### AIM OF THE TASK
Write each line out exactly, from the one containing "Halloween Witch, Clown, Indian, Girl" through the final line of the data, and keep pictures out of the copy.

____ EXERCISE DATA

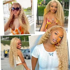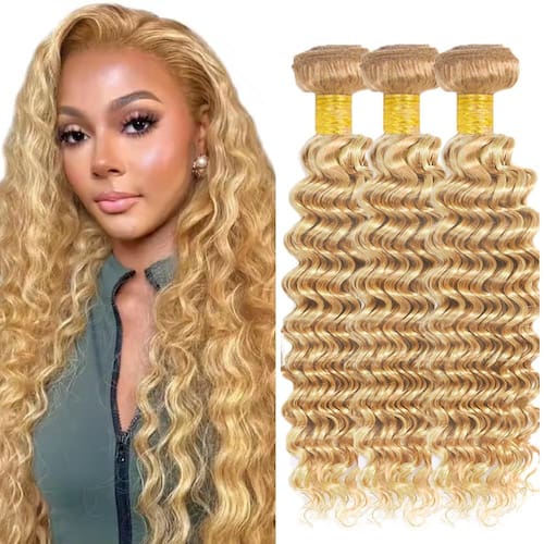 - ?Material de mechas loiras?: Feixes de cabelo humano cacheado virgem brasileiro não processado. Macio e elástico.
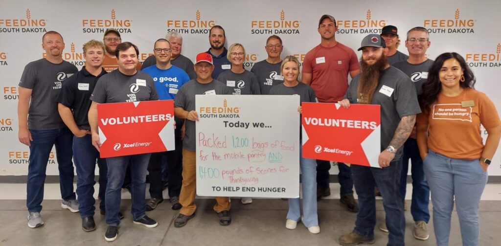 Nearly 2,500 volunteers from Xcel Energy and the communities it serves took action to support nonprofit organizations during the company’s 13th annual Day of Service earlier this month. The volunteers dedicated over 7,200 volunteer hours to support over 100 organizations with projects that ranged from packing meals and repairing homes for families to cleaning up nature trails and planting trees. In Sioux Falls, 14 volunteers packed 1,200 bags of food for Feeding South Dakota’s mobile pantry and 1,400 pounds of scones for Thanksgiving holiday meals. Day of Service, a tradition since 2010, was created as a tribute to the victims, survivors and first responders of 9/11, as well as all those who work to keep communities and the country safe.
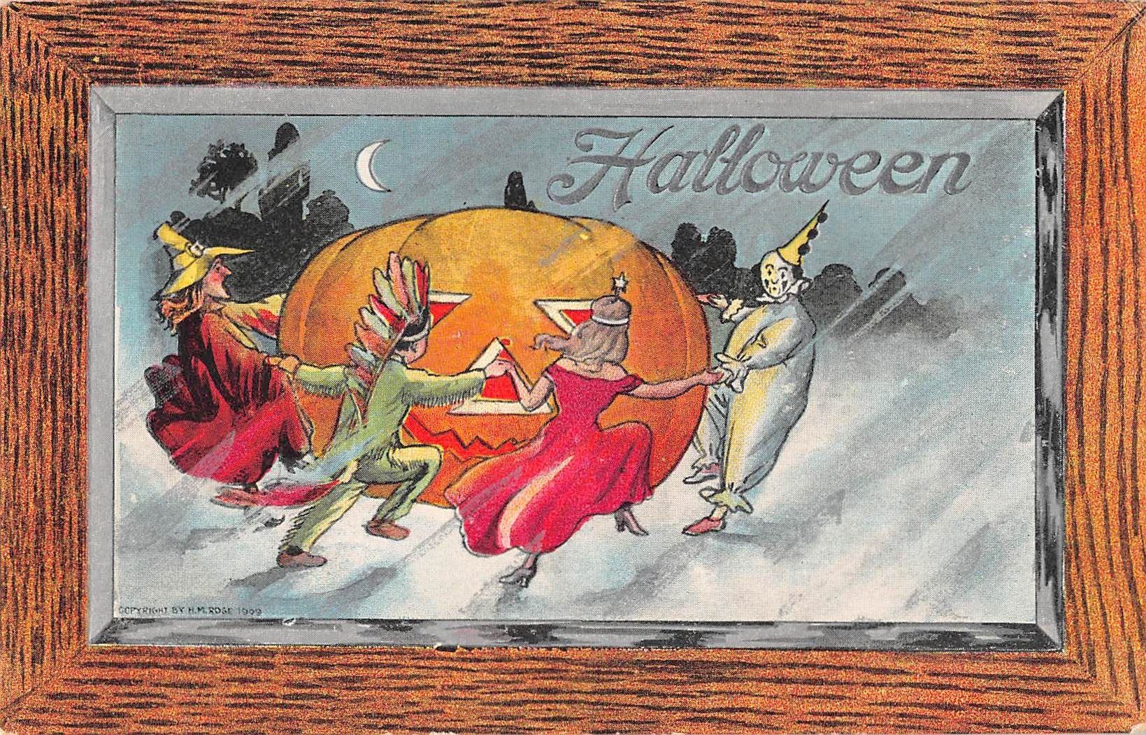 Halloween Witch, Clown, Indian, Girl Dancing Around Pumpkin Holiday Greeting PC
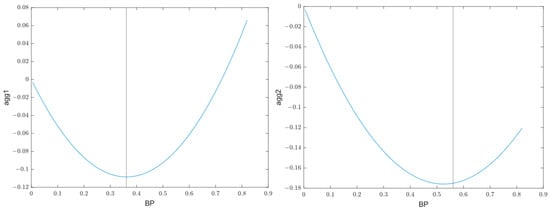 However, such evidence in Table 3 is not sufficient for the existence of a U shape, as the quadratic term may be statistically significant within a monotone interval. Following previous studies [53], we first find out the extreme point of the U-shape curve and then estimate the slopes of the left and right sides of the extreme points. The results are shown in Table 4. When the dependent variable is scale agglomeration (agg1), the interval of the U-curve is [0.0058, 0.8206], and the extreme point is 0.324. The slopes are −0.5898 in the interval [0.0058, 0.324] and 0.7758 in the interval [0.324, 0.8206], both significant at the 1% confidence level. When the dependent variable is specialized agglomeration (agg2), the interval of the U-shaped curve is [0.0058, 0.8206], and the extreme value point is 0.518. The slopes are −0.664 in the interval [0.0058, 0.518] and 0.375 in the interval [0.518, 0.8206], both significant at the 1% confidence level. This test indicates that the U-shaped relationship between the Internet and agglomeration does exist. Figure 2 visualizes such a U-shape.

________

### RESPONSE AREA
 Halloween Witch, Clown, Indian, Girl Dancing Around Pumpkin Holiday Greeting PC
 However, such evidence in Table 3 is not sufficient for the existence of a U shape, as the quadratic term may be statistically significant within a monotone interval. Following previous studies [53], we first find out the extreme point of the U-shape curve and then estimate the slopes of the left and right sides of the extreme points. The results are shown in Table 4. When the dependent variable is scale agglomeration (agg1), the interval of the U-curve is [0.0058, 0.8206], and the extreme point is 0.324. The slopes are −0.5898 in the interval [0.0058, 0.324] and 0.7758 in the interval [0.324, 0.8206], both significant at the 1% confidence level. When the dependent variable is specialized agglomeration (agg2), the interval of the U-shaped curve is [0.0058, 0.8206], and the extreme value point is 0.518. The slopes are −0.664 in the interval [0.0058, 0.518] and 0.375 in the interval [0.518, 0.8206], both significant at the 1% confidence level. This test indicates that the U-shaped relationship between the Internet and agglomeration does exist. Figure 2 visualizes such a U-shape.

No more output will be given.